(Records contained in a dataset)
= = =
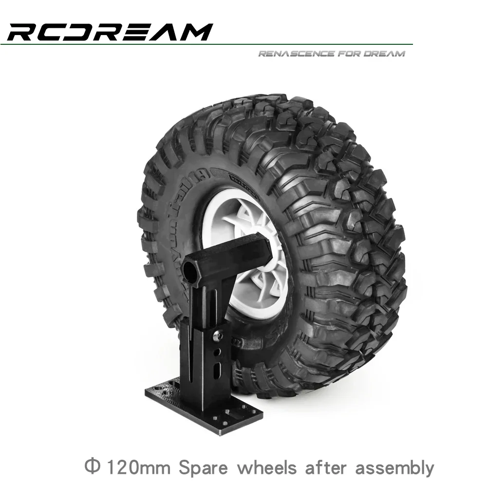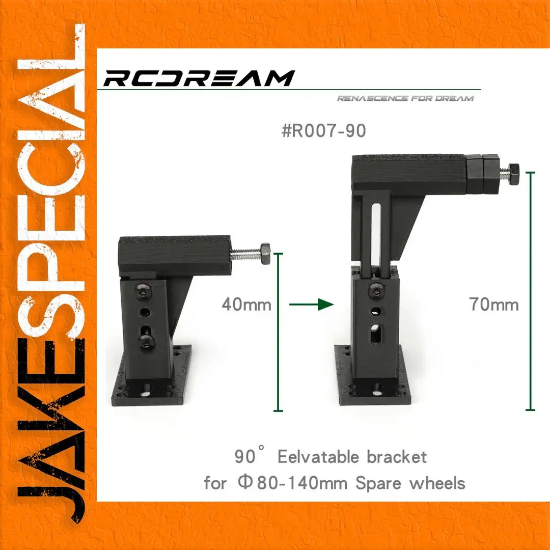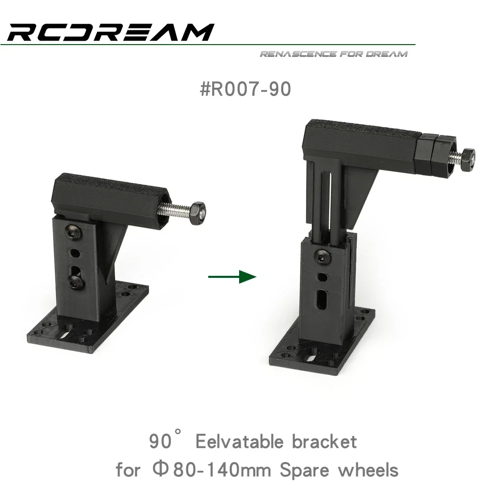 Enhance your RC vehicle with the RCDream 1/10 or 1/8 spare wheel bracket, crafted from durable 3D printed PLA in sleek black. Featuring a precise 90° vertical design, adjustable height, and compatibility with 80-140mm wheels and 12mm hex hubs, this robust and modular bracket offers straightforward installation with included screws and 3M tape for added stability. Its clean geometric lines and textured surface add an industrial aesthetic, perfect for customizing and upgrading your remote control car. Designed for RC models with a focus on practicality and adjustability, this bracket ensures a secure fit for your wheel setup, making your vehicle more reliable and ready for action.
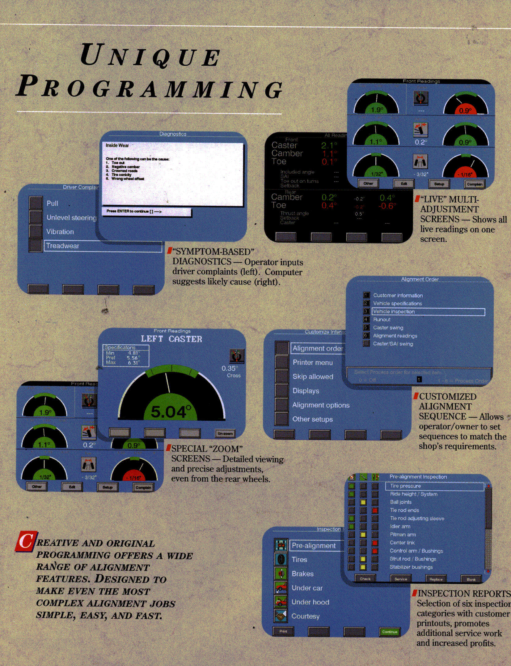 INCLUDES 19" COLOR MONITOR, PRINTER 4 WHEEL A SENSORS
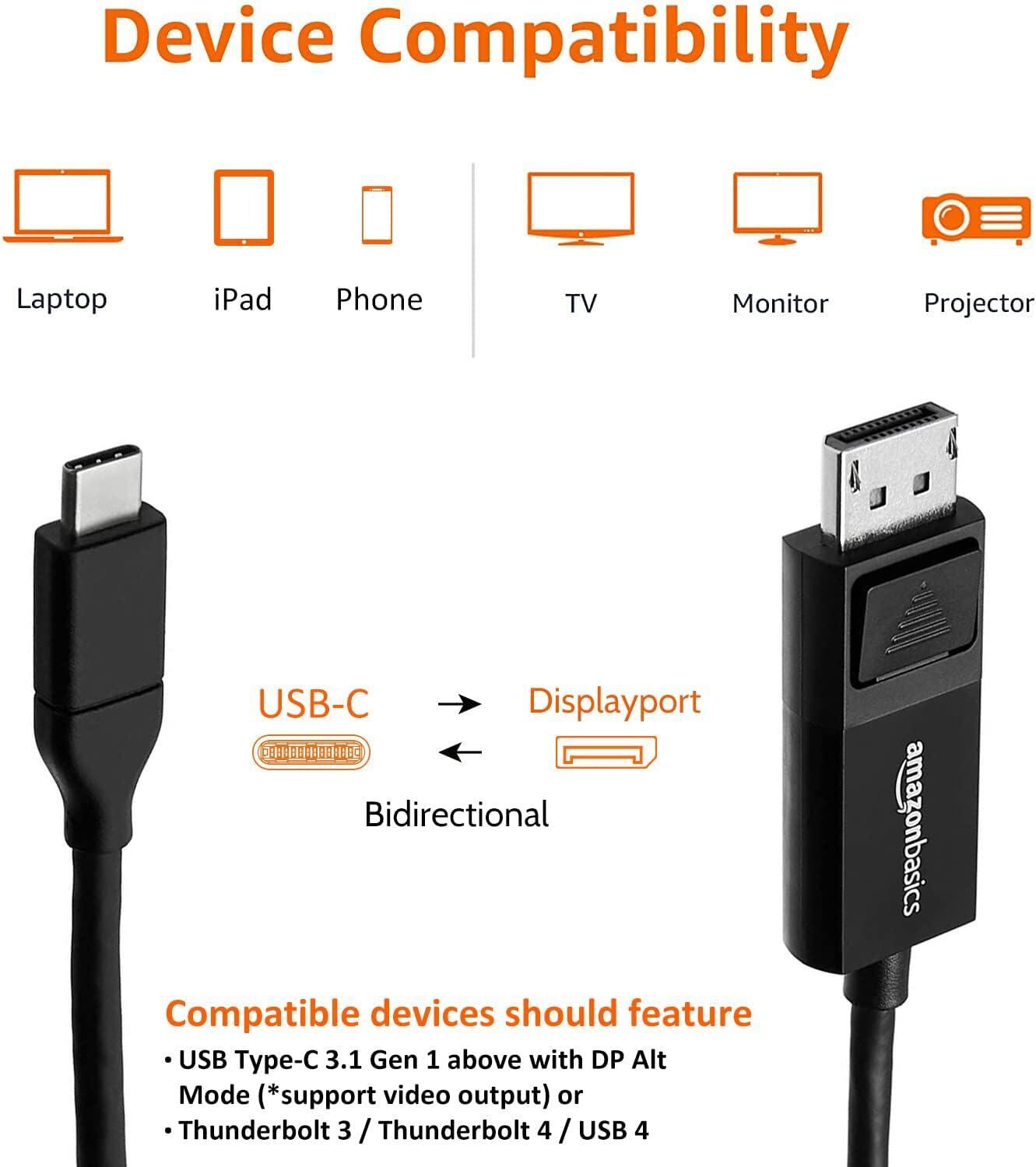 双方向USBType-C ディスプレーポートDPケーブルは、双方向でUSB-C-DPをサポート。USB-C対応デバイスからDP対応モニター、またはDP対応デバイスからUSB-C対応モニター
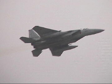 ほとんどの演技は中止されたので、出番が来ると観客の前を地上滑走するのみで終わり。 サービスにスピードブレーキをパタパタさせていた。このブレーキは最高速度でも使用できるの? もし、わかる人がいれば教えて下さい。ローパスするF15(右)
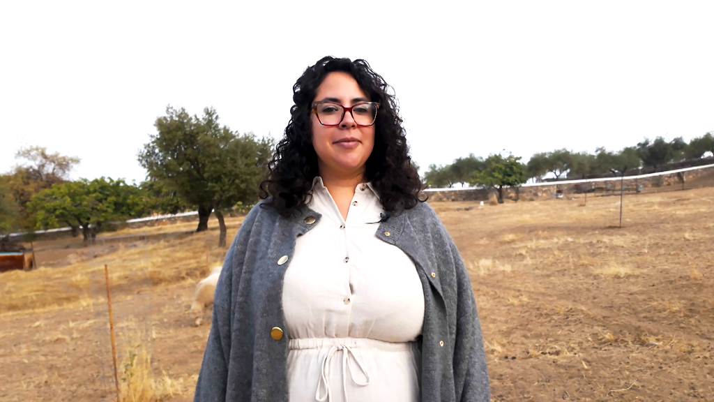 En Barcelona era profesora en el Conservatorio y directora de Orquesta pero se trasladó a este municipio sevillano donde vive con su marido y sus dos hijos, trabaja como ganadera en esta aldea comunitaria y también imparte clases de música en el pueblo.
= = =
• **Your task**
Leave the pictures out, and retype exactly the lines from the one containing "双方向USBType-C デ" through the last line of the entries above, both included.

• **Result of this task**
 双方向USBType-C ディスプレーポートDPケーブルは、双方向でUSB-C-DPをサポート。USB-C対応デバイスからDP対応モニター、またはDP対応デバイスからUSB-C対応モニター
 ほとんどの演技は中止されたので、出番が来ると観客の前を地上滑走するのみで終わり。 サービスにスピードブレーキをパタパタさせていた。このブレーキは最高速度でも使用できるの? もし、わかる人がいれば教えて下さい。ローパスするF15(右)
 En Barcelona era profesora en el Conservatorio y directora de Orquesta pero se trasladó a este municipio sevillano donde vive con su marido y sus dos hijos, trabaja como ganadera en esta aldea comunitaria y también imparte clases de música en el pueblo.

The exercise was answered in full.